Ook Joh. Swammerdam (1637-1680) was een microscopist van naam. Hij paste de vaatinjectie bij de ontleedkundige oefeningen toe en is ook werkzaam geweest op pathologisch-anatomisch gebied (breuk). Zoveel namen, zoveel ontdekkingen. Reinier de Graaf (1641-1673) construeerde de vaatinjectiespuit, legde de pancreas- en speekselfistel aan om het pancreassap en speeksel te onderzoeken en beschreef de naar hem genoemde follikels.

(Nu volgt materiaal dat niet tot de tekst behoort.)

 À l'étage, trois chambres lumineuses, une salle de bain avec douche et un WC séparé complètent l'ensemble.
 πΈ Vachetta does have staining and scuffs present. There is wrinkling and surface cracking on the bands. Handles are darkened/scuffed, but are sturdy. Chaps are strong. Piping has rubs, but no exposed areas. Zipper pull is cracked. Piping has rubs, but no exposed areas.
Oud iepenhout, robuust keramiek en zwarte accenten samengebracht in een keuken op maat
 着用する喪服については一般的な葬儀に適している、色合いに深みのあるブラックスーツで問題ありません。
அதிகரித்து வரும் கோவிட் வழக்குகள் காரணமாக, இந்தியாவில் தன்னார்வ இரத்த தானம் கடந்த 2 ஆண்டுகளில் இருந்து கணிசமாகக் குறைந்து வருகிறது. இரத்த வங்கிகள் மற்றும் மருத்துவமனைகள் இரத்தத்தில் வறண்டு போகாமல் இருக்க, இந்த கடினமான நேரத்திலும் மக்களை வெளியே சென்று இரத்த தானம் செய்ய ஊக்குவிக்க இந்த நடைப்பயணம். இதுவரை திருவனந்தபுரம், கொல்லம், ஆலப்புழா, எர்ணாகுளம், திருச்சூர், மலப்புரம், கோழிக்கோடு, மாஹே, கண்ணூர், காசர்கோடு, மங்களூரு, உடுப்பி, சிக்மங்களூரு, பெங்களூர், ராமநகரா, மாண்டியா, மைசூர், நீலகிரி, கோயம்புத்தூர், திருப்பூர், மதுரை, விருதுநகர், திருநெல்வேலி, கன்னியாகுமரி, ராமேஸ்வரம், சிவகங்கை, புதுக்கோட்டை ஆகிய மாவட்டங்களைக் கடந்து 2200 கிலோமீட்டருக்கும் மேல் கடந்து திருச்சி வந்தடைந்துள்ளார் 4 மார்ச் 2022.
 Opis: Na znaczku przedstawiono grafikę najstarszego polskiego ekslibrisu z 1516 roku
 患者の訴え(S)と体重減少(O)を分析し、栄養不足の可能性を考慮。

Ook werd het anatomisch praeparaat handelsobject. Frederik Ruysch te Amsterdam verkocht zijn verzameling voor ƒ30 000 aan tsaar Peter de Grote. Een bekend anatomengeslacht was dat der Bartholini te Kopenhagen, van welke vooral Thomas (1616-1680) als schrijver van een leerboek en als een der ontdekkers van de ductus thoracicus en de watervaten bekend is. Schrijver van een beroemde anatomische atlas was Govert Bidloo (1649-1713). De atlas verscheen in drie talen en William Cowper pleegde plagiaat, toen hij hem opnieuw in het Engels uitgaf. Er scheen zeer veel behoefte te zijn aan anatomische plaatwerken, want in 1747 gaf de Leidse hoogleraar B. S.

Albinus
(1697-1770) een volgens een eigen projectiemethode getekende atlas uit. In zijn tijd kwam ook de driekleuren druk (Jan Ladmiral) op. Ook Petrus Camper (1722-1789) neemt een vooraanstaande plaats in op anatomisch gebied . De tijd der grote ontdekkingen was voorbij en men legde zich voornamelijk toe op het maken van uitvoerige praeparaten, door inspuiting verkregen, en op het maken van afgietsels in was. In Italië was de ontleedkunde, evenals in Nederland, tot grote bloei gekomen. A. Valsalva (1666-1723), M. Malpighi (1628-1694) en G.

B. Morgagni
(1682-1771) gingen stelselmatig de pathologische veranderingen na, die zich bij ziekten voordeden. Daarnaast waren zij ervaren anatomen. In het eind der 18de en het begin der 19de eeuw kwam het microscopisch onderzoek in zwang. Het gelukte aan M. J.

Schleiden
(1804-1881, zie ook blz. 360) de plantaardige cel te ontdekken, Th. Schwann (1810-1881) bereikte dit voor de dierlijke cel. Een opgewekt wetenschappelijk leven, dat men in die tijd niet verwacht zou hebben, vond plaats. Het opkomend tijdschriften- en congreswezen speelde hierbij een rol. Een der grootsten was Rudolf Rudolf Virchow (1821-1902). Hij is de laatste systeembouwer, want hij gaat uit van de voornaamste ontdekking van zijn tijd: de cel.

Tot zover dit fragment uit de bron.